Every line below from the one containing "เข้าร่วมประกวดสร้างสรรค์เมนูสุขภาพ TE KKU" through the one containing "- JIC (37 Flare)" is to be printed exactly, with the pictures omitted.

### Source material
Content starts
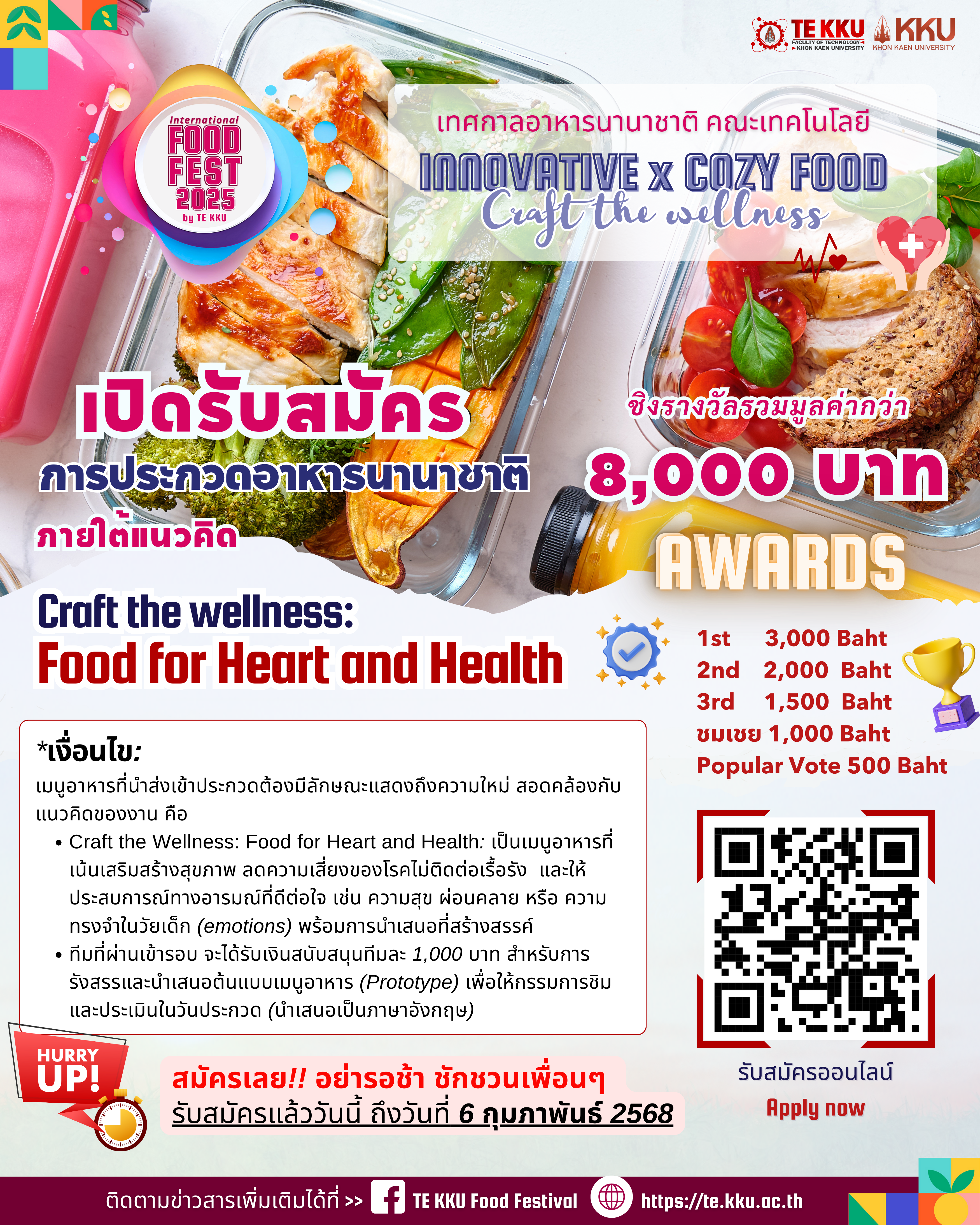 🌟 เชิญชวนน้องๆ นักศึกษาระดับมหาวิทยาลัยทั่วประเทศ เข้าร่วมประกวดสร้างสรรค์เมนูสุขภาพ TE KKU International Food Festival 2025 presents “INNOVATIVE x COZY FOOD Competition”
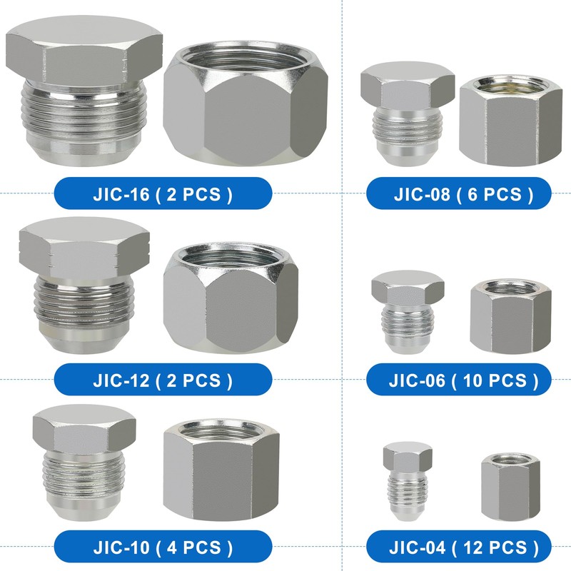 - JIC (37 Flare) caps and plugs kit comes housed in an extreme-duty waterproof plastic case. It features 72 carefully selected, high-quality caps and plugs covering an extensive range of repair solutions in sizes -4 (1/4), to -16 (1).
Content ends
Content starts
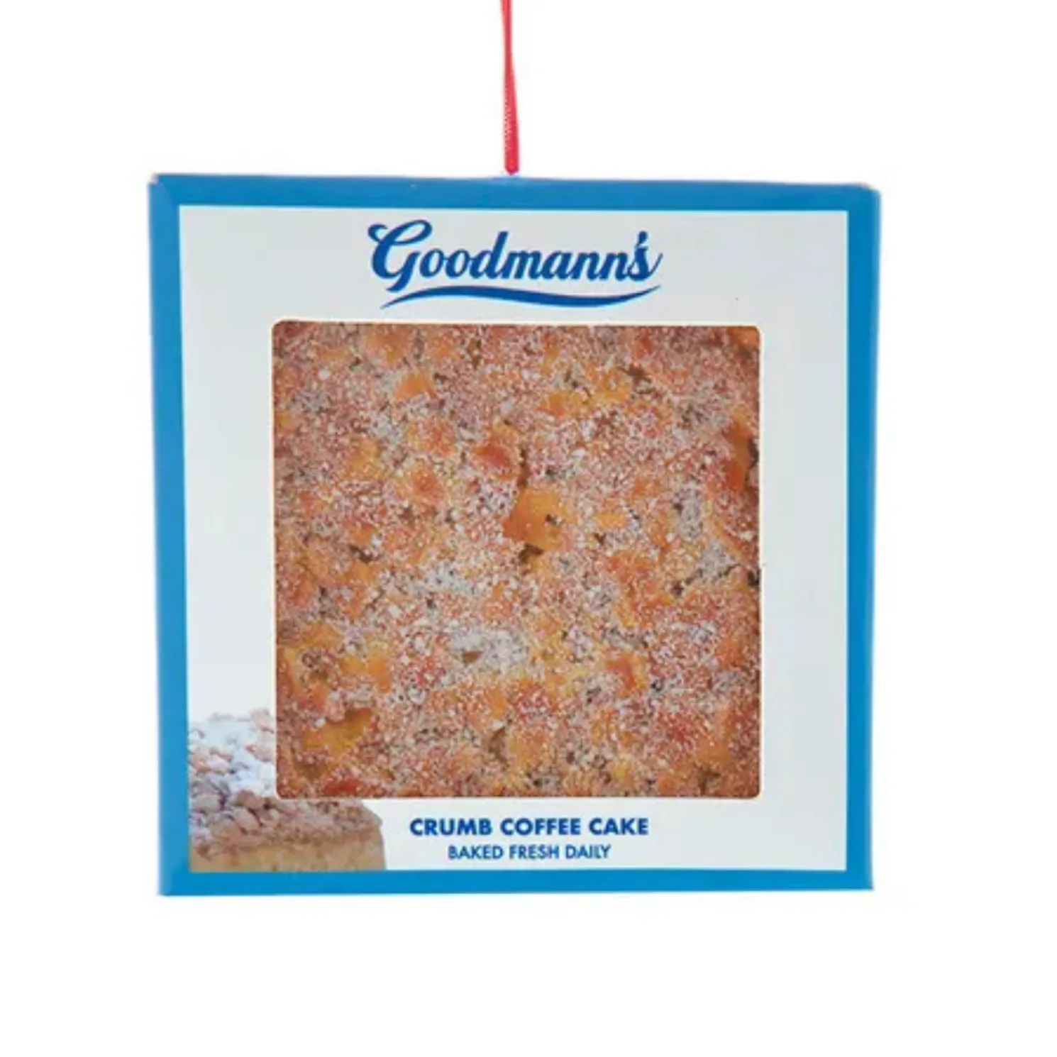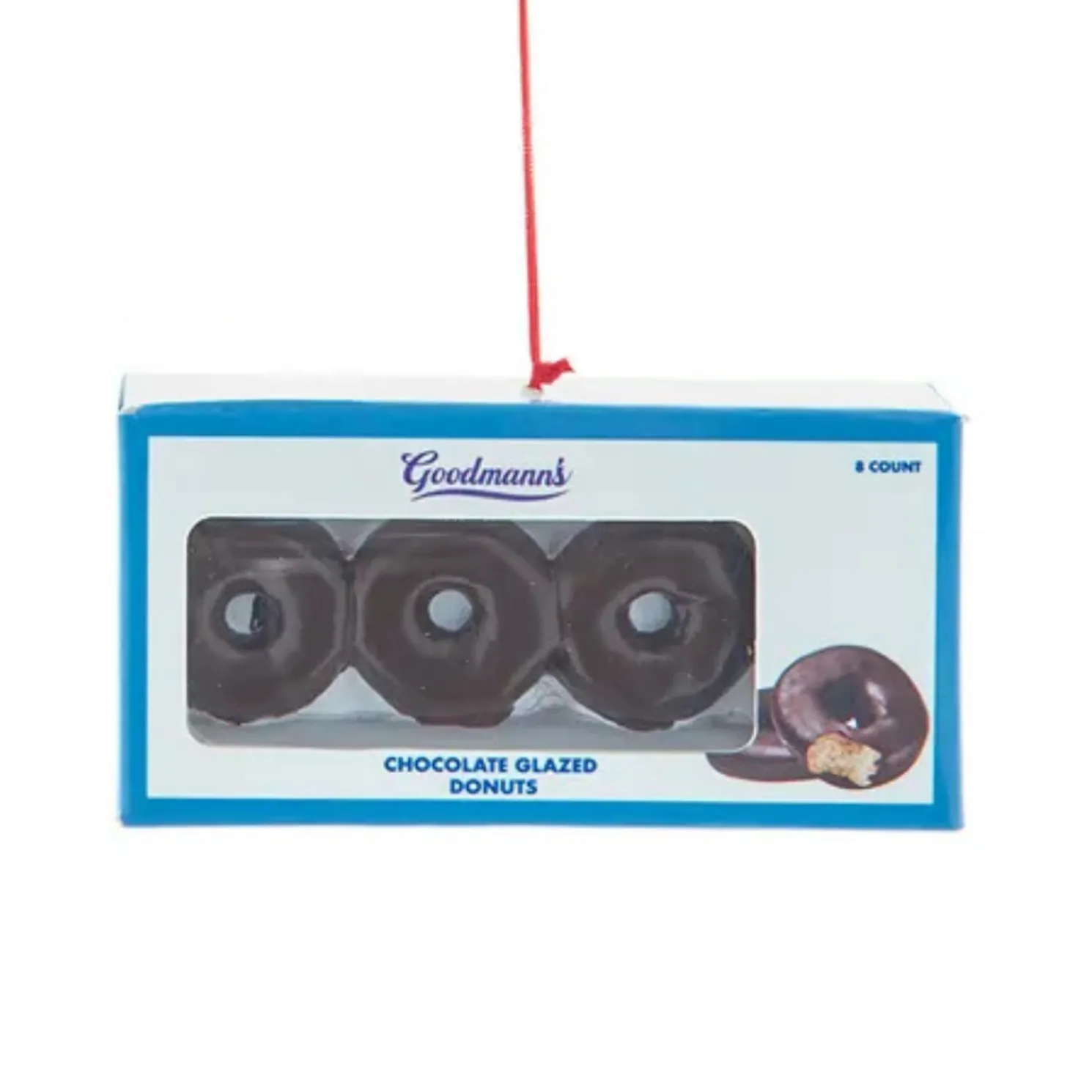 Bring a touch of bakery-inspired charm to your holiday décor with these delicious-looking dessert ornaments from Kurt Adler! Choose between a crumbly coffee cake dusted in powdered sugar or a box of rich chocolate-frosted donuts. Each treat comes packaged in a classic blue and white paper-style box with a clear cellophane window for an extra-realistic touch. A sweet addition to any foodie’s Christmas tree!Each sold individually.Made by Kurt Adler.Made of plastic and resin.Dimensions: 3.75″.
Content ends
### Your solution
 🌟 เชิญชวนน้องๆ นักศึกษาระดับมหาวิทยาลัยทั่วประเทศ เข้าร่วมประกวดสร้างสรรค์เมนูสุขภาพ TE KKU International Food Festival 2025 presents “INNOVATIVE x COZY FOOD Competition”
 - JIC (37 Flare) caps and plugs kit comes housed in an extreme-duty waterproof plastic case. It features 72 carefully selected, high-quality caps and plugs covering an extensive range of repair solutions in sizes -4 (1/4), to -16 (1).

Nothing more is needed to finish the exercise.